***** SUPPLIED DATA *****

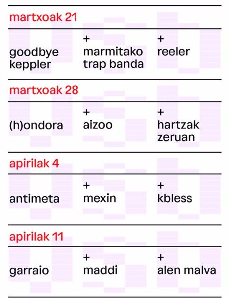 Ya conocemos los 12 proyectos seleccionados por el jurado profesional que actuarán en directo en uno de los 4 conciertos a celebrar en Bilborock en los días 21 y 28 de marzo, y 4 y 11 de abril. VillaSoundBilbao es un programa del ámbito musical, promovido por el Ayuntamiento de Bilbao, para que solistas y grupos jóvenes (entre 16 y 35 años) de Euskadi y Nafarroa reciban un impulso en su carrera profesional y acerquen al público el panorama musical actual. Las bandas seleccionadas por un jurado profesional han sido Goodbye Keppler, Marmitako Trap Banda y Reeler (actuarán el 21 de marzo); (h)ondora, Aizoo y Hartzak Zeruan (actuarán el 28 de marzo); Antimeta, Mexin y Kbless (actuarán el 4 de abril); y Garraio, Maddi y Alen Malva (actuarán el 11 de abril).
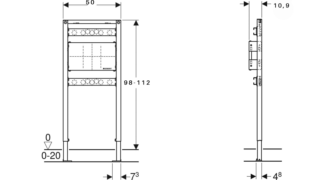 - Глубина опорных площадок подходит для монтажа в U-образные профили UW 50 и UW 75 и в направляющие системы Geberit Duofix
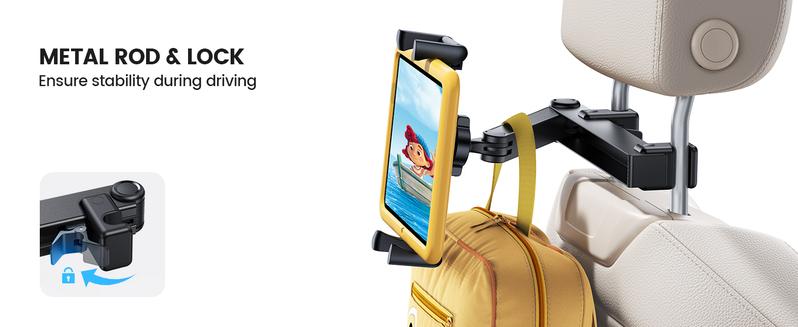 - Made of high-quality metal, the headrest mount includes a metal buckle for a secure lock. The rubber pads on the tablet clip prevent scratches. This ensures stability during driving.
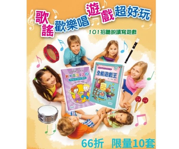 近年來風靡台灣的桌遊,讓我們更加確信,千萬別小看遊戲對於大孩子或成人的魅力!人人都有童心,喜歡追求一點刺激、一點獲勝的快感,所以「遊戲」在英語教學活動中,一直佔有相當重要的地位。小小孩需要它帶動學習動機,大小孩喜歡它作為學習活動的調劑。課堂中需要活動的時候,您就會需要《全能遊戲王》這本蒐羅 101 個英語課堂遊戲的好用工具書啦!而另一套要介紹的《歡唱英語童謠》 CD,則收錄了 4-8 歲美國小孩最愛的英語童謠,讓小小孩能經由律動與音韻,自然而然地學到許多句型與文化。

*****

◆ REQUIRED ACTION
Look back at the data above, then output exactly the lines from the line holding "- Глубина опорных" up to and including the line holding "- Made of high-quality". Leave out the pictures.

◆ SOLVED EXERCISE
 - Глубина опорных площадок подходит для монтажа в U-образные профили UW 50 и UW 75 и в направляющие системы Geberit Duofix
 - Made of high-quality metal, the headrest mount includes a metal buckle for a secure lock. The rubber pads on the tablet clip prevent scratches. This ensures stability during driving.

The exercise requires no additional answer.